**TASK GOAL**
Your copy of the data should match it exactly, except that the pictures are gone.

[Dataset excerpts]

===============

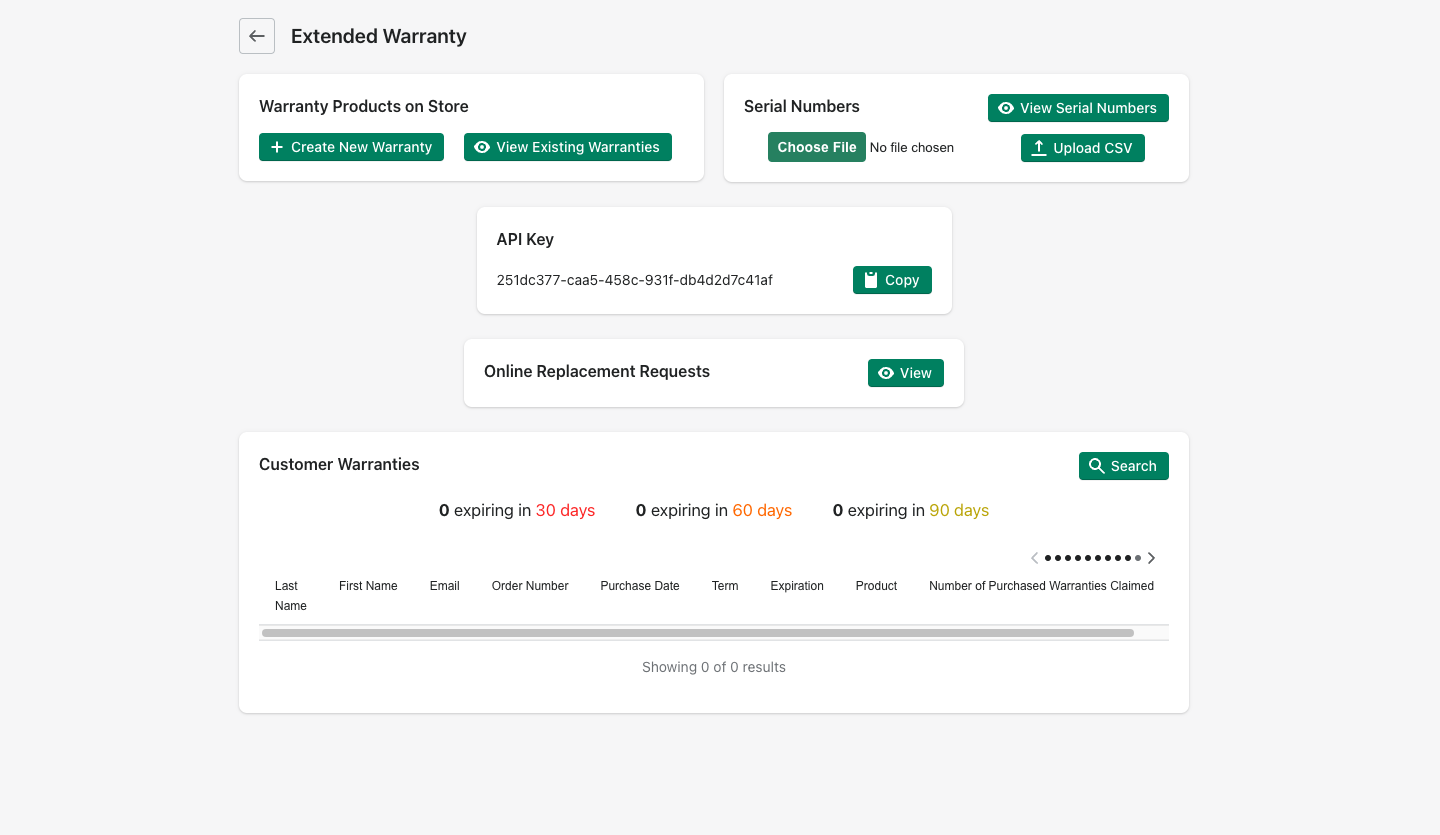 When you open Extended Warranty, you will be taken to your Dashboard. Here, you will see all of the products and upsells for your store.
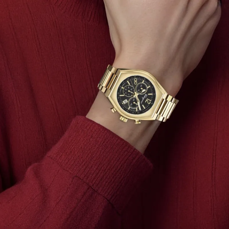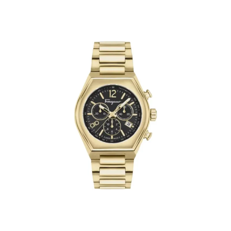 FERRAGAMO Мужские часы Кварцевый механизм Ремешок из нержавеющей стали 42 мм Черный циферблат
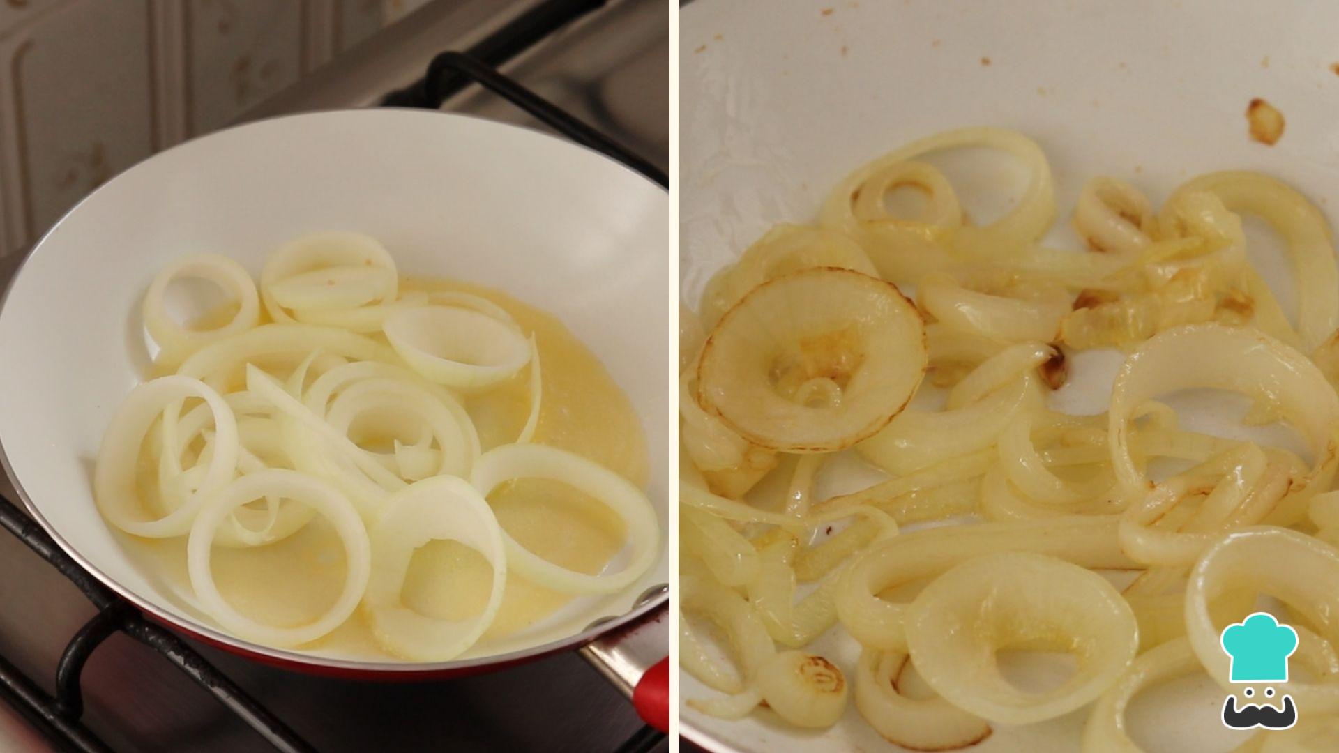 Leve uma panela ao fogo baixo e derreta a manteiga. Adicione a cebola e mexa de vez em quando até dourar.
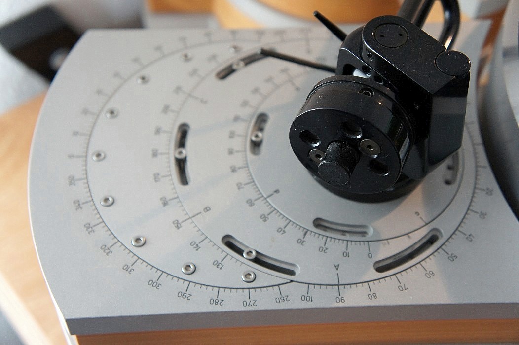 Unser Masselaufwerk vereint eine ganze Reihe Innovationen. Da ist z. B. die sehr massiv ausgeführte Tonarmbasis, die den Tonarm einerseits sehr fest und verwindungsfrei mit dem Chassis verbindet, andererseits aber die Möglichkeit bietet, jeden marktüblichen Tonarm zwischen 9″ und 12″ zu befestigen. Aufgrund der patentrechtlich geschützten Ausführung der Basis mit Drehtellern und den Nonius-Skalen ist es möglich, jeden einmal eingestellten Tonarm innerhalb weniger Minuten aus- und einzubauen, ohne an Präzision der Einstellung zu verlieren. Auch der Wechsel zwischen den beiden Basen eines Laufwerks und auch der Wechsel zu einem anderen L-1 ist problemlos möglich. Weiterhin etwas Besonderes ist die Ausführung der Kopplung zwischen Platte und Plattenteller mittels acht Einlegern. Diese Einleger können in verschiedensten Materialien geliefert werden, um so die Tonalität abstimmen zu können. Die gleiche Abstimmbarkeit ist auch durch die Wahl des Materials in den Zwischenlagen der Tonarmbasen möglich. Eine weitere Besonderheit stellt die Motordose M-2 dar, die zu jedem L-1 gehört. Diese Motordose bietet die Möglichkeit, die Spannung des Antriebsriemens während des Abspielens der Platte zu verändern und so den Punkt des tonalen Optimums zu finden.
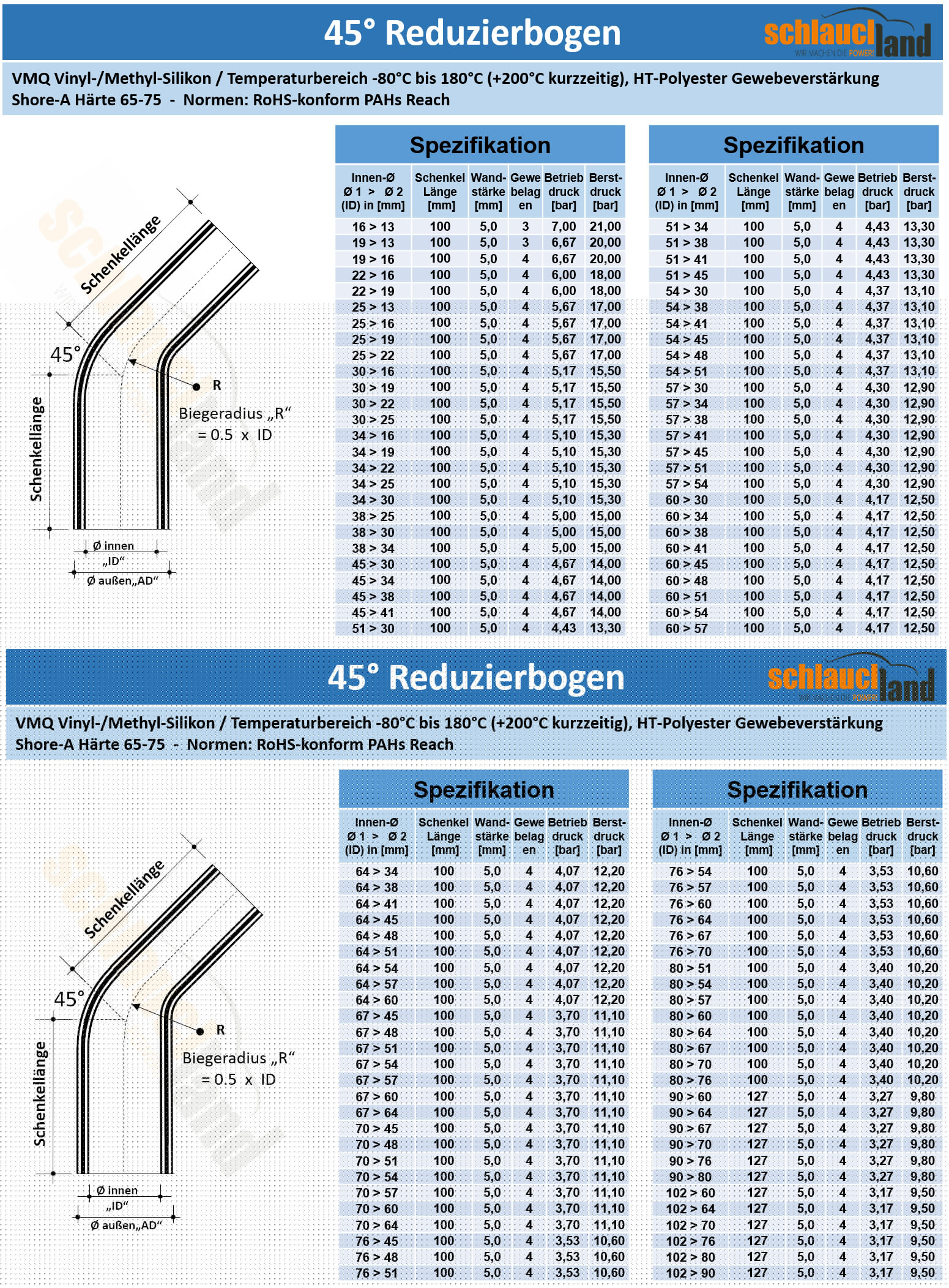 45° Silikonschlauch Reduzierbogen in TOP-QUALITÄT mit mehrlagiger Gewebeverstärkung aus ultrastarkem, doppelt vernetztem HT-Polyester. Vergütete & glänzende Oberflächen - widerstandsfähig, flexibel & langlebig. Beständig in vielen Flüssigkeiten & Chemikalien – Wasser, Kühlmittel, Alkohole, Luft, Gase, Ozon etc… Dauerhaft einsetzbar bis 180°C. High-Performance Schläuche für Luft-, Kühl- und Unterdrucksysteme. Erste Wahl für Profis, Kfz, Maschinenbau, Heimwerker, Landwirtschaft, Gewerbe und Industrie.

===============

**RESPONSE BELOW**
 When you open Extended Warranty, you will be taken to your Dashboard. Here, you will see all of the products and upsells for your store.
 FERRAGAMO Мужские часы Кварцевый механизм Ремешок из нержавеющей стали 42 мм Черный циферблат
 Leve uma panela ao fogo baixo e derreta a manteiga. Adicione a cebola e mexa de vez em quando até dourar.
 Unser Masselaufwerk vereint eine ganze Reihe Innovationen. Da ist z. B. die sehr massiv ausgeführte Tonarmbasis, die den Tonarm einerseits sehr fest und verwindungsfrei mit dem Chassis verbindet, andererseits aber die Möglichkeit bietet, jeden marktüblichen Tonarm zwischen 9″ und 12″ zu befestigen. Aufgrund der patentrechtlich geschützten Ausführung der Basis mit Drehtellern und den Nonius-Skalen ist es möglich, jeden einmal eingestellten Tonarm innerhalb weniger Minuten aus- und einzubauen, ohne an Präzision der Einstellung zu verlieren. Auch der Wechsel zwischen den beiden Basen eines Laufwerks und auch der Wechsel zu einem anderen L-1 ist problemlos möglich. Weiterhin etwas Besonderes ist die Ausführung der Kopplung zwischen Platte und Plattenteller mittels acht Einlegern. Diese Einleger können in verschiedensten Materialien geliefert werden, um so die Tonalität abstimmen zu können. Die gleiche Abstimmbarkeit ist auch durch die Wahl des Materials in den Zwischenlagen der Tonarmbasen möglich. Eine weitere Besonderheit stellt die Motordose M-2 dar, die zu jedem L-1 gehört. Diese Motordose bietet die Möglichkeit, die Spannung des Antriebsriemens während des Abspielens der Platte zu verändern und so den Punkt des tonalen Optimums zu finden.
 45° Silikonschlauch Reduzierbogen in TOP-QUALITÄT mit mehrlagiger Gewebeverstärkung aus ultrastarkem, doppelt vernetztem HT-Polyester. Vergütete & glänzende Oberflächen - widerstandsfähig, flexibel & langlebig. Beständig in vielen Flüssigkeiten & Chemikalien – Wasser, Kühlmittel, Alkohole, Luft, Gase, Ozon etc… Dauerhaft einsetzbar bis 180°C. High-Performance Schläuche für Luft-, Kühl- und Unterdrucksysteme. Erste Wahl für Profis, Kfz, Maschinenbau, Heimwerker, Landwirtschaft, Gewerbe und Industrie.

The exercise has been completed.